I have a great interest in the U.S. Tax system. As you may have noticed, I will soon have a Master’s degree in Tax Law (known in the industry as a “Tax LLM”). Not only am I an estate planner, but I also practice as a tax attorney. I have studied our tax system at a detailed level, and I find it fascinating. Most recently, I became interested in the way that the U.S. taxes multi-national companies and all of the problems that the system has created for our country. The U.S. tax system applies the corporate tax rate (currently 35%) to all income generated by a U.S.-based company, no matter where in the world that income is earned. As you can imagine, U.S. companies find this policy to be unpalatable. Fortunately for them, there are ways to get around this extremely high tax rate on foreign income.

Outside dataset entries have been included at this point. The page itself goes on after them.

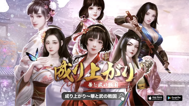 縦画面、片手操作でプレイできるので通勤の隙間時間にサクッと遊んでいる人も多い【成り上がり~華と武の戦国】はどんなゲームなのか紹介します。
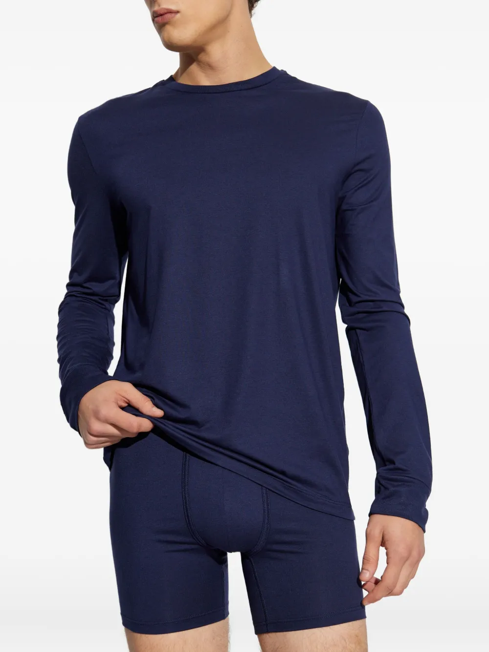 Темно-синяя толстовка с круглым вырезом, длинными рукавами и нашивкой с логотипом
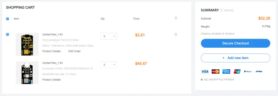 당연하게도 JLCPCB에서는 0.4~2.0까지 다양한 두께의 PCB를 지원하고 있습니다. 두께의 오차가 (-10~+10)%인 점을 고려했을 때 1mm PCB로 선택하는 게 좋을 것 같습니다. 마침 Economic PCBA에서 1mm 두께까지만 검은색 솔더마스크를 지원하네요!
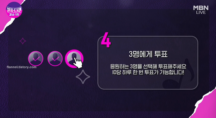 4. 응원하는 3명에서 투표, ID당 하루 한 번 투표 가능
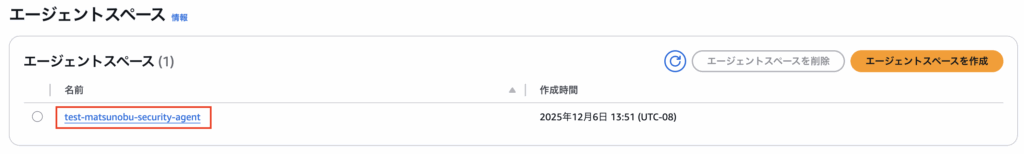 | エージェントスペース名 | test-matsunobu-security-agent |
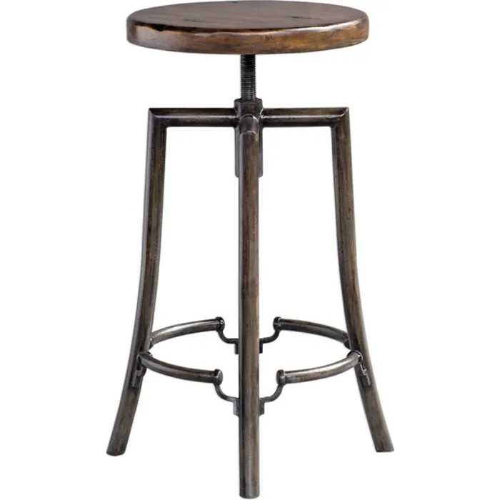 - Featuring A Natural Suar Wood Top Finished In A Lightly Burnished Dark Walnut Stain Revealing Warm Honey Undertones, Set A Top A Refined Industrial Base Crafted From Hand Forged Iron And Finished In An Aged Steel. Seat Adjusts From 25 To 32" Height.
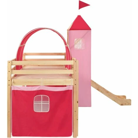 This princess-themed children’s loft bed will be a real eye-catcher in your kid’s bedroom. The wooden loft bed has a solid construction and is delivered with the bed slats, a slide, a ladder, and a princess-themed tent, side covers and a canopy. Guard rails on both bed edges will keep your little princess in the bunk. The space underneath the bed transforms into the princess’s dress room with the included sidewalls with windows. Additionally, the loft bed is distinguished by an entertaining slide and a ladder, both of which can be covered with the included tent. The slide and the ladder can be assembled either on the left or right, and a canopy for covering the bed is also included. The bed is suitable for 90 x 200 cm mattress. Your little one will love sleeping and playing in this dream space! Please note that the mattress is not included in the delivery.
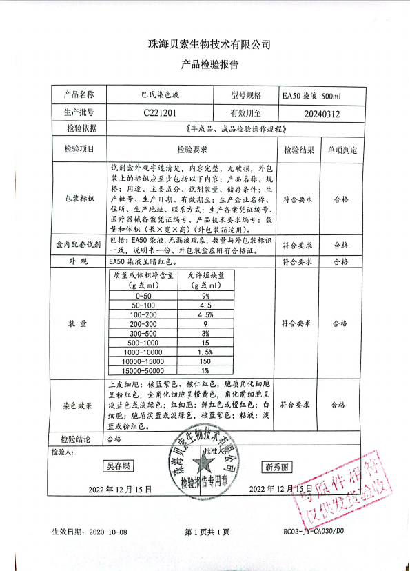 貝索 巴氏染色液 EA-50 500ml BA4033A C221201
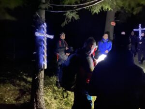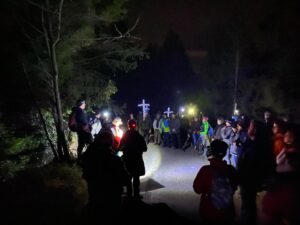 Bezpieczeństwo jest kluczowe, zwłaszcza podczas nocnego marszu, więc należy zadbać o widoczność. Przypominamy, że poruszanie się w nocy zwiększa ryzyko na drodze. Na trasie, zwłaszcza na fragmentach prowadzących poboczem jezdni, trzeba przestrzegać przepisów ruchu drogowego. Ważne jest także rozważne zajmowanie miejsca na stacjach i postojach, aby umożliwić innym udział w rozważaniach i modlitwie. Należy zachować szczególną ostrożność na błotnistych i śliskich odcinkach trasy.
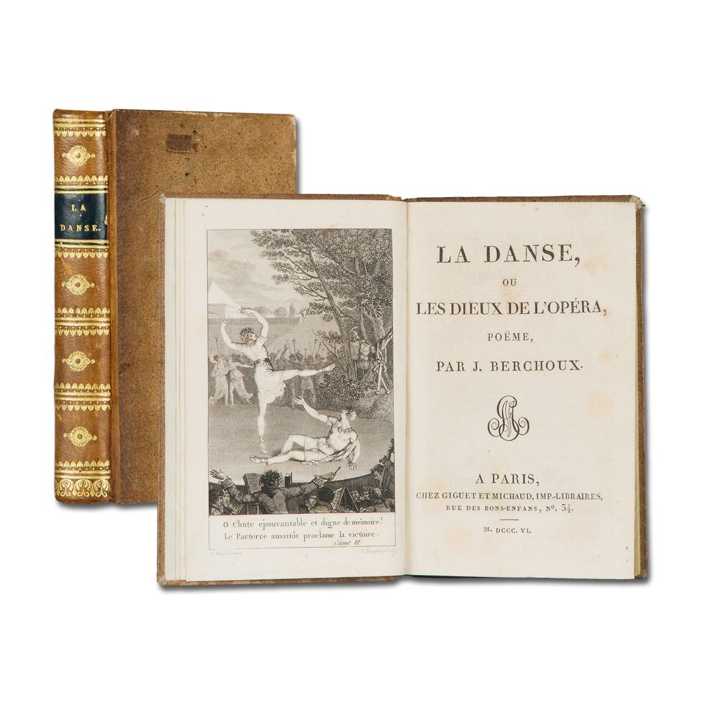BERCHOUX, J.: La Danse, ou les Dieux de l'Opéra Poème. Paris, Giguet et Michaud 1806. Duodez. Gestochenes Frontispiz von P. Baquoy nach S. Myris, 246 S. Halblederband der Zeit mit reicher ornamentaler Rückenvergoldung.
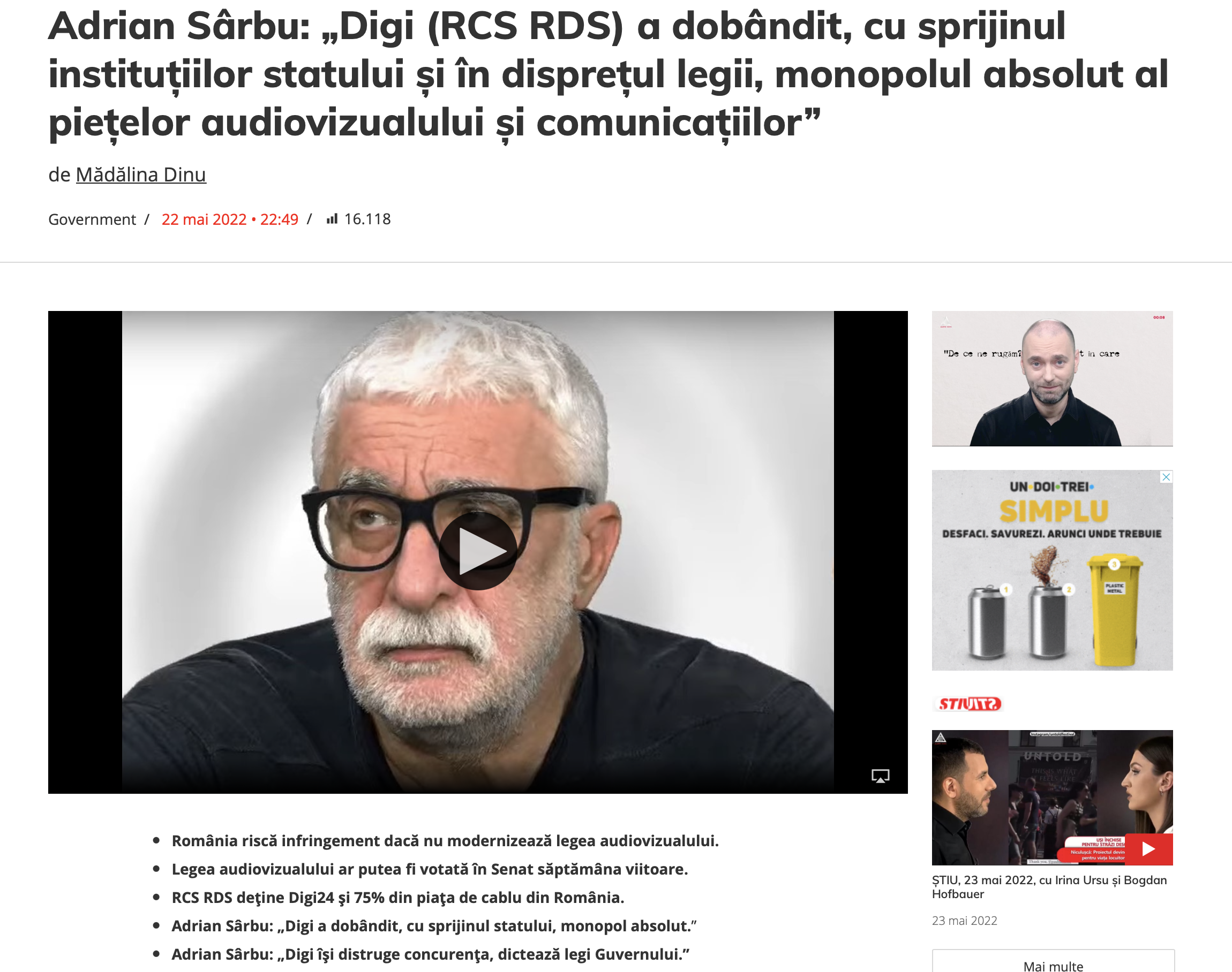 Adrian Sîrbu s-a referit în alocuțiunea sa doar la mărimea procentajului de control al pieței de cablu pe care DIGI o controlează, peste 75%, menționând în treacăt și faptul că RDS-RCS este și proprietarul trustului media DIGI cu a sa televiziune, al său site și al său radio. Nu, din păcate, nu e doar atât.

One interesting fact that people don’t hear about is that our tax rate is the highest in the industrialized world. This is not necessarily a terrible thing if we were just talking about companies that operate only in the U.S.. However, we live in an increasingly interlinked world, and more and more companies have international profits these days. This is especially true of the large multi-national companies, such as Amazon, Apple, and Google. This tax rate is a major disadvantage for these companies, which have to compete with large companies that operate out of other parts of the world and do not have such high tax rates weighing them down. Again, it is fortunate that these companies have found ways to circumvent the world-wide tax system in the United States; these large U.S. multinationals do not currently pay anywhere close to the 35% U.S. corporate tax rate on their profits.

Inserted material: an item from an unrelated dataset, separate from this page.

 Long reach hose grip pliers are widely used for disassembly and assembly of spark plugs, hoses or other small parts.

Once upon a time, the U.S. corporate rate was not the highest in the world. Years ago, the 35% rate was somewhat comparable to most of the large industrialized nations. However, many countries started to reduce their rates well below the U.S. rate (for example, Ireland is now at 12.5%). The U.S. government failed to respond to this and instead passively watched as more and more business shifted away from the U.S. and our exorbitant corporate tax rate. I am sure that if you were starting a new business and you had the choice of starting it here in the U.S. and paying 35% on every dollar of profit, or starting it in Ireland and effectively reducing your tax rate to 12.5%, the decision would be a an easy one to make.
These are very difficult and complex issues to understand. I will not go into detail on how these companies accomplish their tax minimization goals; suffice it to say that almost every U.S. multinational company has teams of tax attorneys that work every day to come up with novel and clever tax strategies that can reduce the tax rate they pay on their profits from abroad to as low as 2%. The buzz words in the industry of tax minimization are “transfer pricing,” “intellectual property ,” and “pass-thru entities.” One of the components of these strategies is a U.S. policy of allowing U.S. companies to delay paying tax on foreign earnings until they actually bring the profits back to the U.S., a financial transfer that is known as “repatriation.” It is this policy that has caused much of the damage to the U.S. economy over the years.

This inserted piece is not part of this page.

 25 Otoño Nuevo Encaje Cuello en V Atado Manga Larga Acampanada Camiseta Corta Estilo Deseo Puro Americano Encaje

Repatriation has caused U.S. multinationals to do everything they possibly can to avoid bringing back foreign profits to the United States. In fact, they bend over backwards to make absolutely certain that they do not have to pay any U.S. taxes on any foreign profits. Over the years, the most creative of the U.S. multinationals have even found ways to shift profits from the U.S. to low-tax foreign countries where this money remains indefinitely. Because there are U.S. rules that require any profits held outside of the country to be used for business purposes, the companies find ways to make sure the money is put towards some business investment outside of the U.S.. As you might imagine, this has resulted in hundreds of thousands of employees hired in foreign countries instead of here in the U.S.. It is one thing for companies to hire employees in other countries for legitimate business purpose; it is a completely separate and distinct matter when this hiring takes place for tax avoidance purposes and the U.S. workforce, and U.S. economy suffers as a result.
I hope it is not too late to undo some of the damage done to the U.S. economy, workforce, and the legendary U.S. corporate environment. We do not know how the Trump tax reform will play out, but I am hoping to see the U.S. become more attractive for businesses to start and grow here, as well as employ well-qualified Americans when the right business decision is to do exactly that. I would also like to see policies changed to remove the disincentives and loopholes that have been causing companies to shift business away from the U.S. In order to accomplish this, the first step is to lower the U.S. corporate tax rate substantially.